The critics’ reviews are in and many have hailed Spider-Man: No Way Home as the franchise’s winner, despite some audience pandering and ample references to old films. Here are some of the early reviews for Spider-Man: No Way Home:

"Bringing Spidey even further from home and even closer to the centre of all things Marvel was always going to happen but the question remained over how director Jon Watts would be able to juggle that many more plates without any or all of them crashing to the floor. He does a pretty solid job here, tasked with a considerable upping of the ante while bringing back numerous baddies from the previous Spider-Man universes, delivering a propulsive, slickly choreographed adventure that will appease a broad fanbase this Christmas."

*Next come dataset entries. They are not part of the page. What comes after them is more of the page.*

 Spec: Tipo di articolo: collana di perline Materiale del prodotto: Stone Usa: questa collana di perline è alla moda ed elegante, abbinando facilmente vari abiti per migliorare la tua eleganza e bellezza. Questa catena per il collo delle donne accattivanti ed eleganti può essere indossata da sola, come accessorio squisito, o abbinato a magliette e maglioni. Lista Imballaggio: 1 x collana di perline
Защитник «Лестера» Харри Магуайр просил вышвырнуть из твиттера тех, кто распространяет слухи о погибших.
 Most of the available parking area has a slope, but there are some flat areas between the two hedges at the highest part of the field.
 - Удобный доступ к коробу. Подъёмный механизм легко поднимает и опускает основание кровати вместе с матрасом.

Benjamin Lee, The Guardian
"No Way Home does use its multiversal mayhem to address the only real problem with the Holland-era webslinger: the Iron Man-ification of the character, in which his already amazing powers keep getting overshadowed by the gadgets given to him by billionaire jerk-hero Tony Stark. This is the least fun of the Watts/Holland pictures by a wide margin (intentionally so, to some extent), but it’s a hell of a lot better than the last Spidey threequel, Sam Raimi’s overstuffed and ill-conceived Spider-Man 3."

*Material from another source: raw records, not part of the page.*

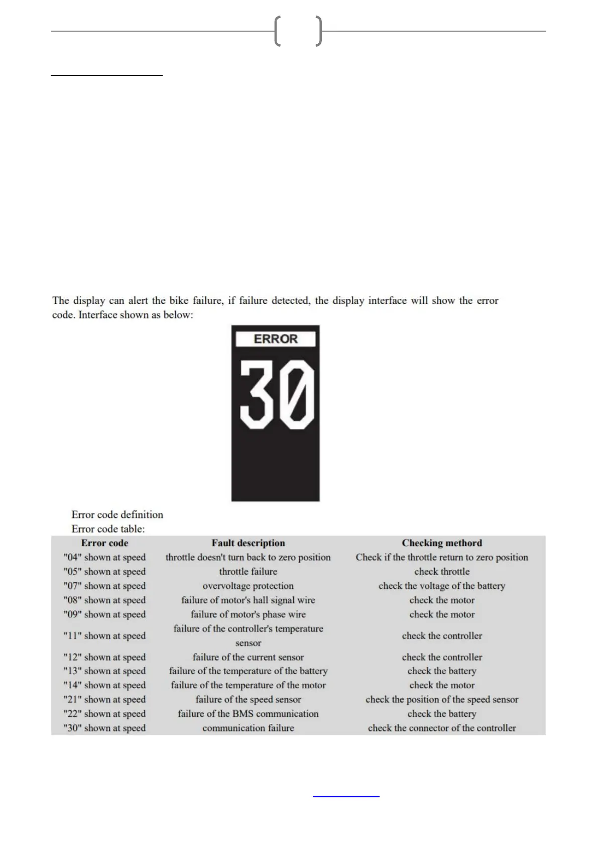 In the event of a problem with the electrical components of your bike, the display will show an error code.
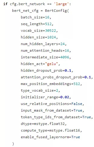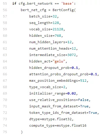接下来介绍一下MindSpore中Bert的相关代码,完整代码请参考:
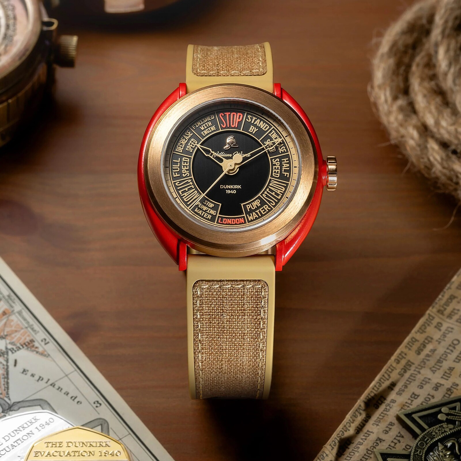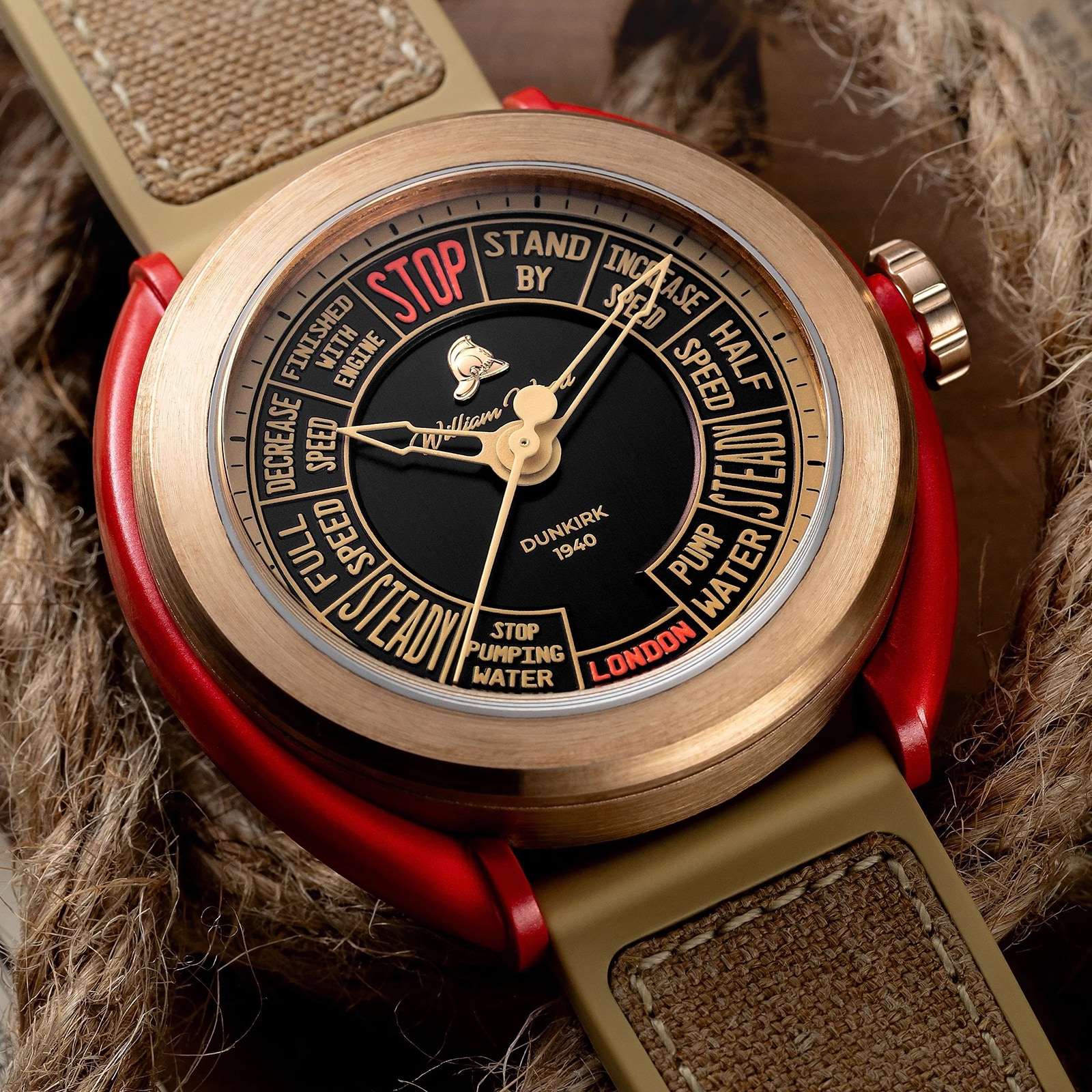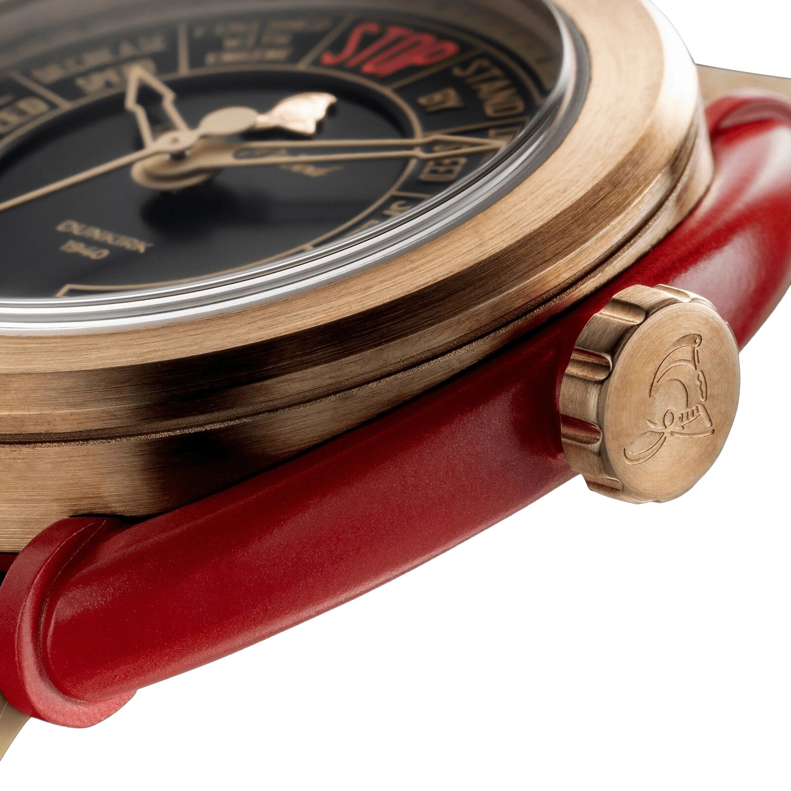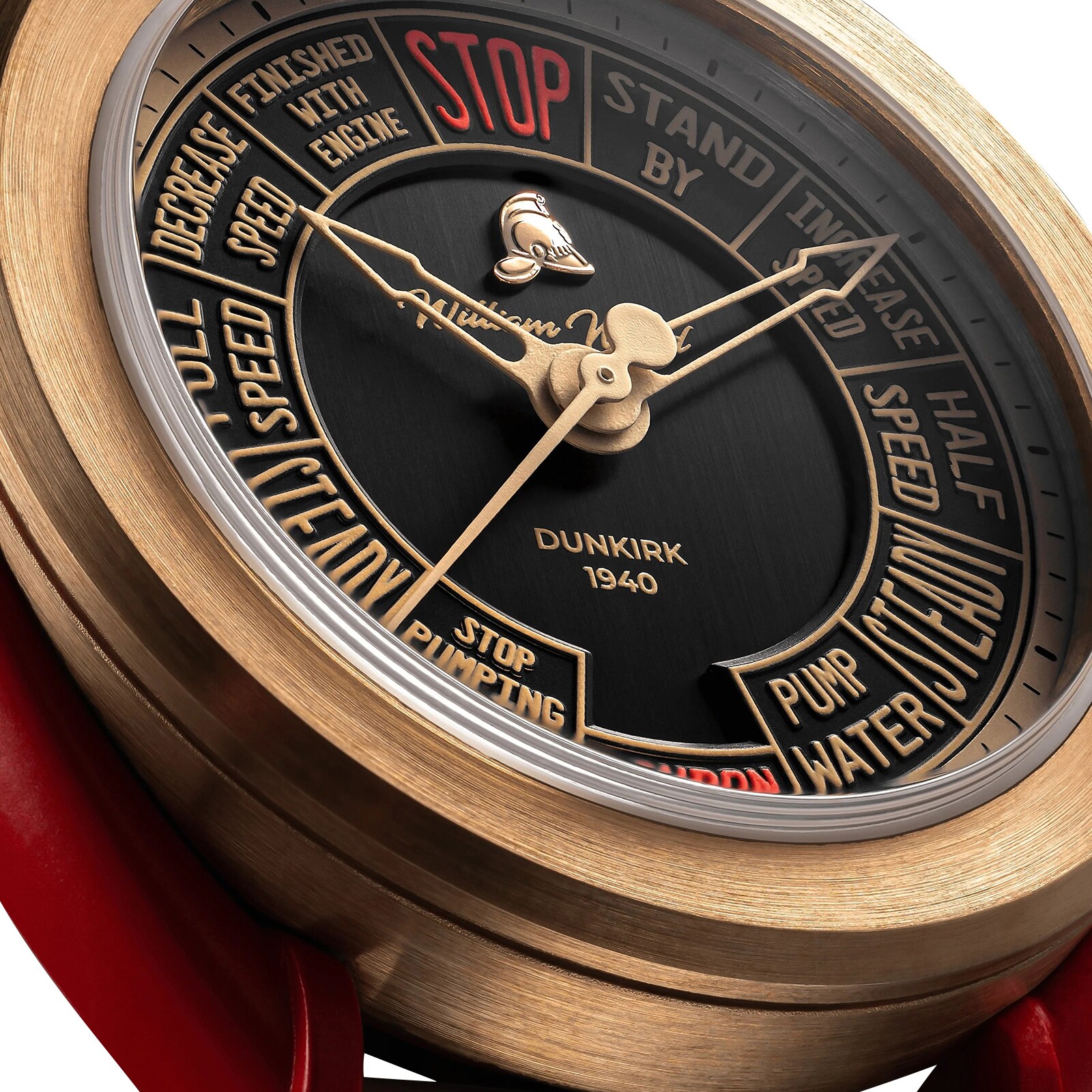Swiss-Made: Our new Dunkirk Watch is made in La Chaux-de-Fonds Switzerland. Movement Specifications: Swiss-Made Sellita Group SW220 Movement upgraded to the Premium Top Grade with the highest precision accuracy of +/-4 sec/day up to +/- 15 sec/day. The SW220 Premium Top Grade Movement has a 38 hour power reserve, 26 jewels accuracy and 28,800 beats per hour.  Become A Part Of History: Anyone who purchases a Dunkirk watch will have their name engraved onto a plaque on the boat that will sail over the channel in 2025 for the 80th year anniversary of the Dunkirk evacuation Case Measurements: The case measures 42mm in diameter, with a 13mm thickness and a lug width of 20mm. The watch wears as a medium to large size on an average wrist. Lug To Lug: Case Execution: Our case is finished in CuSn8 grade bronze with the sides and lugs executed with a brushed finish. Bronze will age and patina over time changing both colour and texture. The case can be brought back to looking brand new again by applying lemon juice. The side of the case is wrapped with red piping taken inspiration from the engine room of the Massey Shaw Boat. The back of our Dunkirk Watch has a matte black caseback ring featuring an illustration of the famous scene of Operation Dynamo on the beaches of Dunkirk back in 1940. Dial Design: The one-of-a-kind dial in bronze, black, and red was inspired by the unique twin telegraphs of the Massey Shaw, which are used to operate both the fire pumps and the main engines of the ship. The dial uses an aged champagne Super-LumiNova to look like a watch from the 1940's. Both STOP and LONDON illuminate on the dial in red to match the Massey telegraphs. Caseback Design: We Will Remember. A beautiful commemorative caseback features a scene of Dunkirk engraved on three-tone bronze, including soldiers waiting on the beach and the Little Boats. An original piece of the Massey Shaw engine used in the Dunkirk evacuation has been melted-down and poured into the silhouette of the Massey Shaw on the horizon of the caseback Operation Dynamo scene. Strap Measurements: Our fire gear and fire hose straps fit a wrist size between 5.5 and 9.5 inches. We do not currently offer straps for lug sizes outside of 20mm. Strap Execution: Our full range of watch straps have a 20mm lug width fitting all of our watch collections. Our upcycled fire gear and fire hose straps are finished with a silicon back that is stamped with ‘made from rescued materials’ and ‘William Wood’. All of our straps are fitted with quick-release levers allowing you to add and remove any of our straps without any additional tools required in just a few seconds. Water Resistance: For additional reduction in case thickness to 13mm we chose a water resistance of 50M / 5ATM International Warranty: Global Support: We have three repair centres based in the UK, USA and Asia, giving you international support if, and when required.

John Defore, The Hollywood Reporter
"The movie can be ungainly at times, and it’s much too committed to setting up even more craziness to play out in upcoming Marvel product (these aren’t stand-alone films so much as overloaded episodes, after all), but it provides enough resolution for the past two decades of Spider-Man adventures that audiences who’ve tuned out along the way will be rewarded for giving this one a shot."
Peter Debruge, Variety
"The Spidey custody battle that has ensnared Sony, Disney and Marvel Studios over the years is too tedious to rehash here, but there is something admittedly disarming about the solution that No Way Home hits upon. Without saying too much — OK, without saying anything at all — three parallel Spider-Man universes that once were forced to stand apart now get to belatedly salute each other, in a warm, even reconciliatory spirit."